- Alexander Berulava's official portrait, Sukhumi
- Born: Alexander Berulava (Georgian: ალექსანდრე ბერულავა) 11 November 1945 Sukhumi, Abkhazian ASSR, Georgian SSR, USSR
- Died: 27 September 1993 (aged 46) Sukhumi, Georgia
- Resting place: Unknown
- Education: Tbilisi State University
- Occupations: Journalist, writer
- Spouse: Natela Gogia
- Children: Iya;
- Writing career
- Period: 1970–1993
- Subjects: Politics, human rights,
- Notable awards: Vakhtang Gorgasali Order, First Rank

= Alexander Berulava =

Georgian politician, journalist, and human rights activist

Alexander "Sasha" Berulava (ალექსანდრე (საშა) ბერულავა; 11 November 1945 – 27 September 1993) was a Georgian journalist, writer, and human rights activist, founder of the Georgian Television of Abkhazia, who was murdered by Abkhaz separatists during the ethnic cleansing of Georgians in Abkhazia in 1993 together with other members of the Government of Abkhazia.

== Early life ==
Alexander Berulava was born on 11 November 1945 in Sukhumi, Georgia. Berulava graduated from the Tbilisi State University, Faculty of Journalism.

== Political career and death ==
Berulava joined the Council of Ministers and the Council of Self-Defense of Abkhazian Autonomous Republic during the Georgian-Abkhazian War in 1993 and served as the head of Military Press-Center. When the city of Sukhumi fell to the Abkhaz separatists on 27 September 1993, Berulava along with other authorities from the Government of Abkhazian Autonomous Republic (Zhiuli Shartava, Raul Eshba, Mamia Alasania, Guram Gabiskiria and others) refused to leave the besieged city and was captured by Abkhaz militants and North Caucasian volunteers.

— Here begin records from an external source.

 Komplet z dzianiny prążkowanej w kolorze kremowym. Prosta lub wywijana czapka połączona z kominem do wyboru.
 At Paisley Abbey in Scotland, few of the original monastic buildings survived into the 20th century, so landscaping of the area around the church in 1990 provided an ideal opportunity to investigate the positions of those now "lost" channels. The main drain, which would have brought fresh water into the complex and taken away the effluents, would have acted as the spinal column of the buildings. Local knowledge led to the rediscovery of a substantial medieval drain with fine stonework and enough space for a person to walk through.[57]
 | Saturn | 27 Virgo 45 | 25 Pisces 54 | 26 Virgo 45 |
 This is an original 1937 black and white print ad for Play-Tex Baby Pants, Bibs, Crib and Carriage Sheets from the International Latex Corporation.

Based on video materials, Human rights documents and witness accounts of the event, Berulava, Gabiskiria, Shartava, Eshba and other members of the government were dragged outside of the parliament building and forced to knee by the Abkhaz/North Caucasian militants. Berulava is not seen on the video, though according to the testimony of his friends, he refused to surrender and always kept a bullet and a F1 grenade in case of his capture (He was already captured by Abkhazian forces at the beginning of conflict and was tortured in Gudauta).

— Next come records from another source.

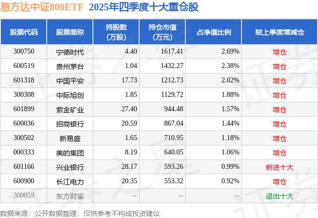 从基金规模来看,易方达中证800ETF基金2025年四季度公布的基金规模为6.02亿元,较上一期规模3.34亿元变化了2.68亿元,环比变化了80.32%。该基金最新一期资产配置为:股票占净值比96.21%,无债券类资产,现金占净值比3.46%。从基金持仓来看,该基金当季前十大股票仓位达16.13%,第一大重仓股为宁德时代(300750),持仓占比为2.69%。
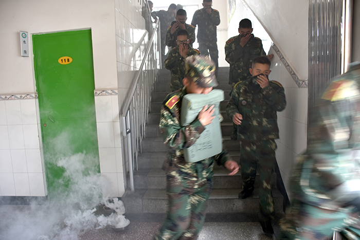 隨著毛副校長“防震減災應急疏散演練開始”的一聲令下,“地震警報”信號立即響起,學校迅速啟動避震應急機制,學生們在各班老師的組織下,迅速抱頭,有序地聽從樓層負責人指揮,按指定路線“逃生”,疏散到安全區域。避震演練結束,校園內火警模擬信號又隨即響起,學校消防疏散應急機制迅速啟動。學生們用枕頭、帽子或手袖捂住口鼻,彎著腰迅速撤離到安全區域。
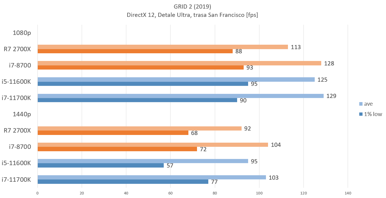 Rezultaty w Cyberpunk 2077 zaskakują. Zdecydowanie wąskim gardłem okazał się RTX 3060, ale mimo tego wyniki osiągnięte przez Ryzen 7 2700X wprawiają w osłupienie. Szczególnie jeśli popatrzymy na delikatnie spadającą tendencję wartości 1% low wśród procesorów Intela. Natomiast w GRID wyjątkowo dobrze poradził sobie i7-8700, szczególnie jeśli popatrzymy na wyniki nowszych jednostek. Mimo wszystko ponownie komponentem hamującym komputer była karta graficzna.
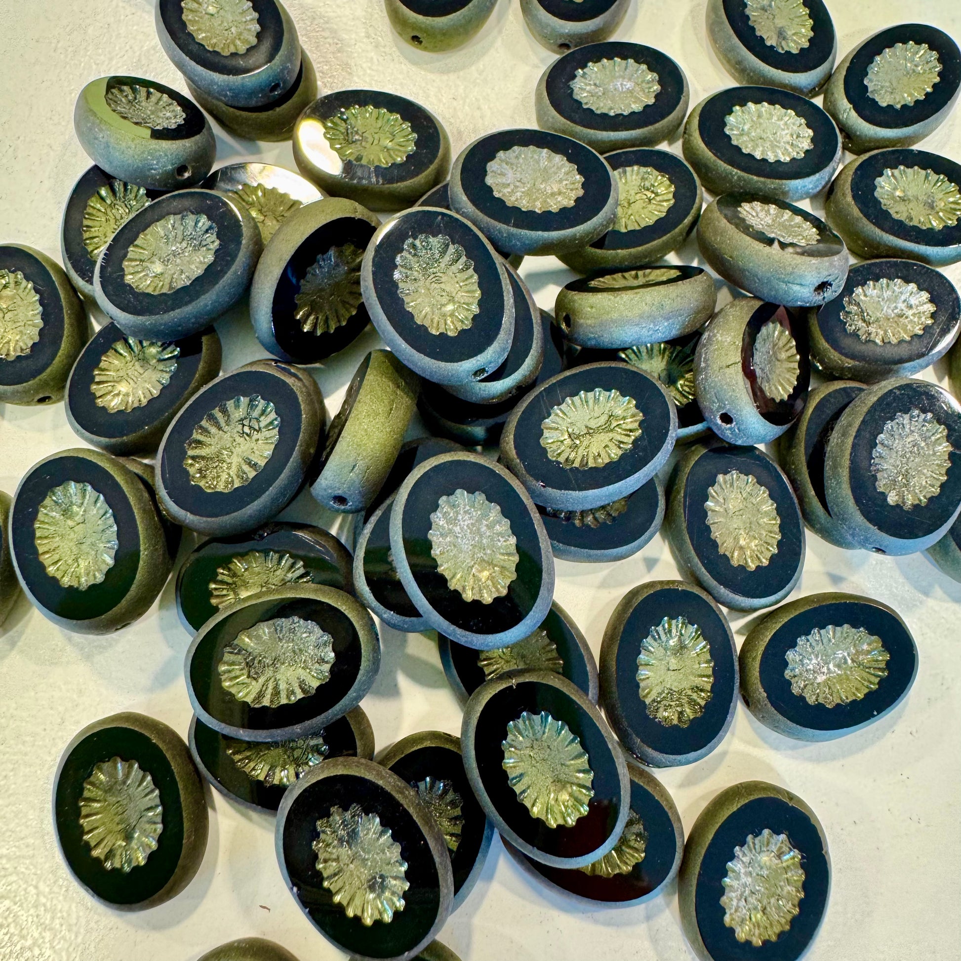 テーブルカットキウイビーズ、ブラックマットラスターレッドフルコーティング(23980-84100-14495)、ガラス、チェコ共和国
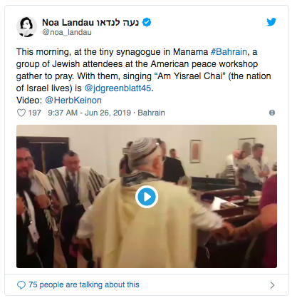Among those participating was Jason Greenblatt, Washington’s Mideast mediator and one of the architects of the “Peace to Prosperity” workshop taking place here. Aryeh Lightsone, a top aid to US Ambassador to Israel David Friedman, gave a brief “dvar torah” after the services. Rabbi Marvin Hier, the fonder and dean of the SImon Wiesenthal Center, led the services.
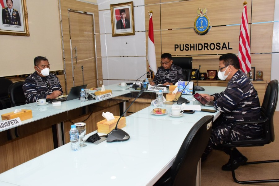 Komandan Pushidrosal Laksamana Madya TNI Dr. Agung Prasetiawan, M.A.P sebagai salah satu narasumber dalam webinar menyampaikan materi paparan tentang peran, tugas dan fungsi Pushidrosal sebagai lembaga hidrografi nasional dalam memberikan dukungan untuk keselamatan pelayaran dan kepentingan maritim nasional.

All captured members of the government including Berulava were murdered by the Abkhaz militants.

== Honors ==
The President of Georgia Giorgi Margvelashvili awarded Alexander Berulava with the Vakhtang Gorgasali Order first grade for his courage and heroism in the fight for the protection of the homeland and its territorial integrity.